Makale özeti ve diğer detaylar.
Bir ülkede meydana gelen para, bankacılık, dış borç, ödemeler dengesi veya reel sektör krizleri makro açıdan ülke ekonomisini, mikro açıdan da işletmeleri genellikle olumsuz yönde etkiler. Krizle birlikte ortaya çıkan döviz kuru artışları, para ve sermaye piyasasındaki gelişmeler, değişken faizli borçlanma-dan kaynaklanan finansman giderleri, düşük kapasite kullanımından doğan boş kapasite maliyetleri işletmenin mali tablolarını da doğrudan etkiler. Etkinin büyüklüğü ve yönü krizin niteliğine ve uygulanan muhasebe politikasına göre değişir. Bu bakımdan kriz dönemlerinde uygulanan muhasebe politikaları ve krizin mali tablo üzerindeki etkisi olağan faaliyetlerden ayrı bir başlık altında veya mali tablo dipnotlarında raporlanmalıdır. Zira bu, muhasebenin tam açıklama, sosyal sorumluluk ve kamunun aydınlatılması ilkelerinin bir gereğidir.
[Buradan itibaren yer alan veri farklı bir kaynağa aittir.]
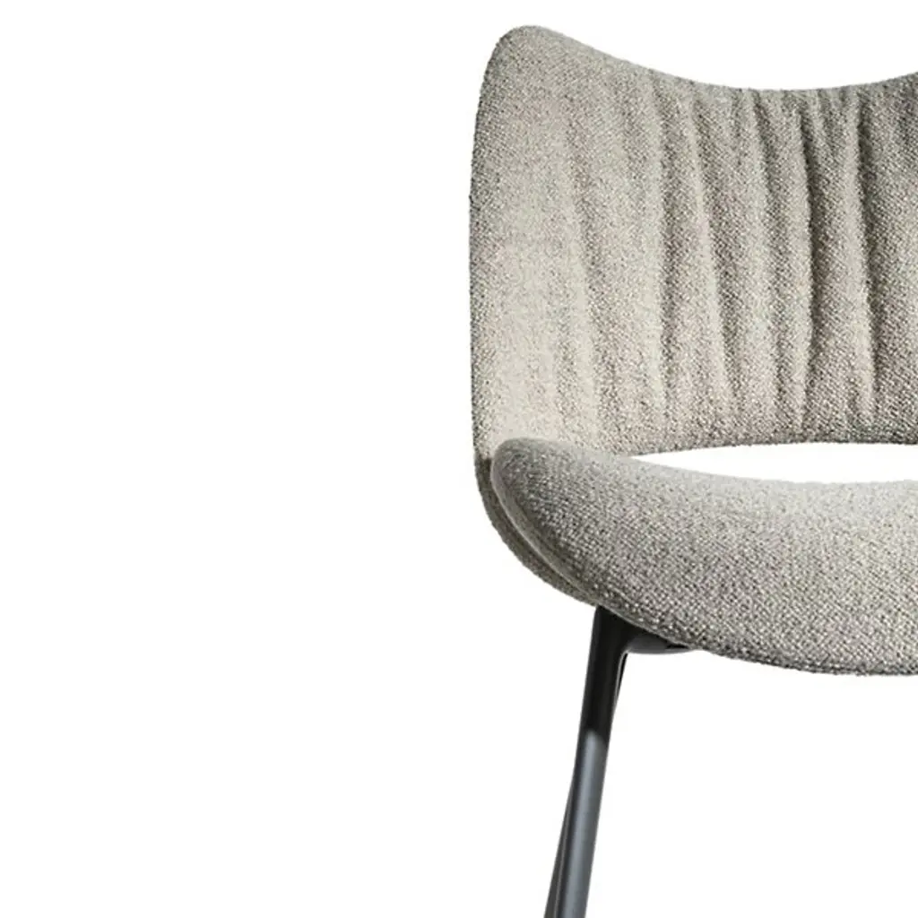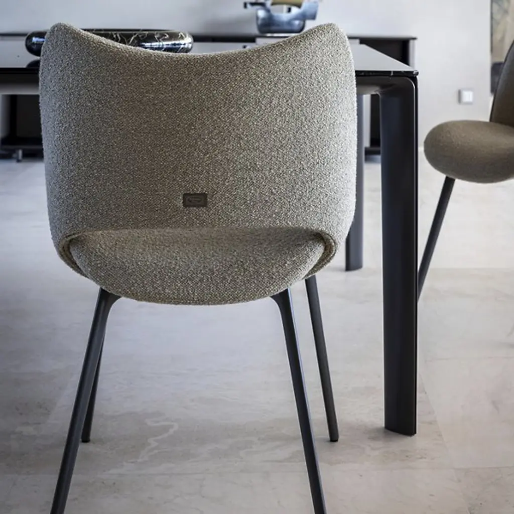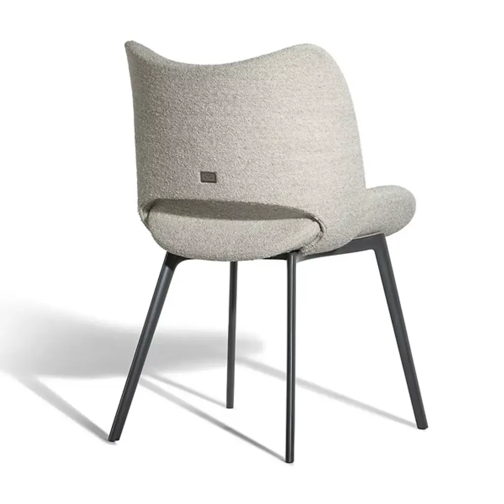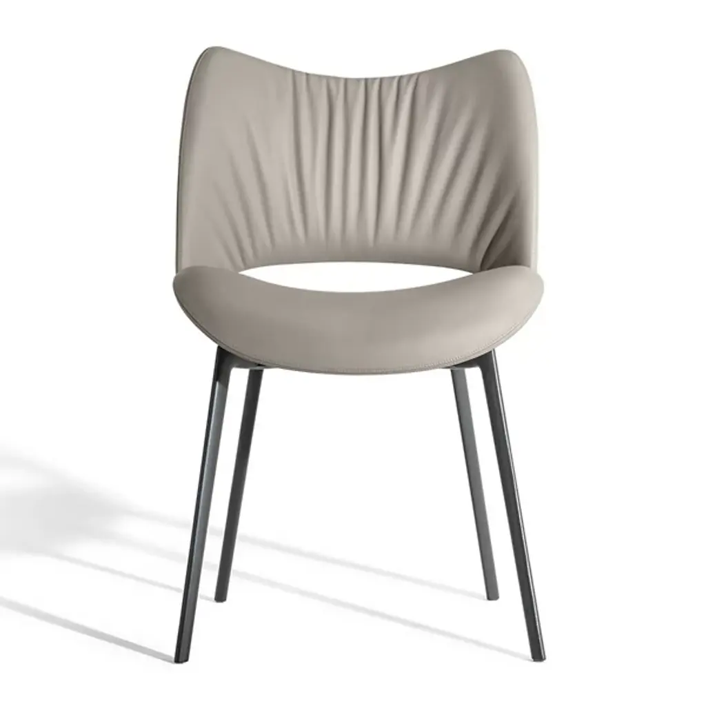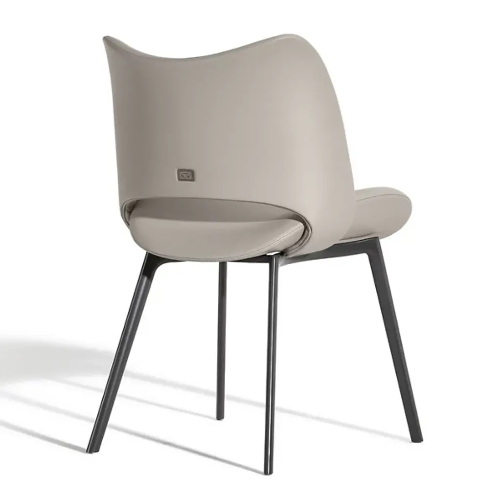 Pairing curving modernity with contemporary simplicity, the Nice Armchair from Poltrona Frau is at once compact and clever. Designed to place its occupant at table height, this expressive GamFratesi design is made in Italy. It extends from slender, angular metal legs in a harmonious array, intersecting to elevate a scooping seat and back that offer encompassing support ideal for commercial or domestic space. The curving back and seat feature a small cutaway, the signature element of the seat that adds an airy accent to the otherwise opaque form. The inspired final product of intricate technical designs, the soft upholstery is artisan-stitched and stretched over soft foam cushioning, creating an exceptional and welcoming design with an unforgettable silhouette

Economic crisis such as banking, foreign debt, balance of payments and reel sector affect negatively both economy and business in terms of macro and micro respectively. Most direct effect of the crisis on accounting occurs in financial statements. Reflection of the crisis on financial statements have realized through exchange rate increases, irregularity in money and capital markets, financial costs emerging from variable-based interest rate, and costs derived from idle capacity usage. The greatness of the effect and its direction depends on character of the crisis and accounting policies adapted. Therefore, adapted accounting policies in the period of the crisis should be disclosed in footnote of financial statements. If needed, the effect of the crisis on financial statements should take place in financial statements under a separate title. This approach is more consistent with public disclosure and accounting principles such as full disclosure and social accountability.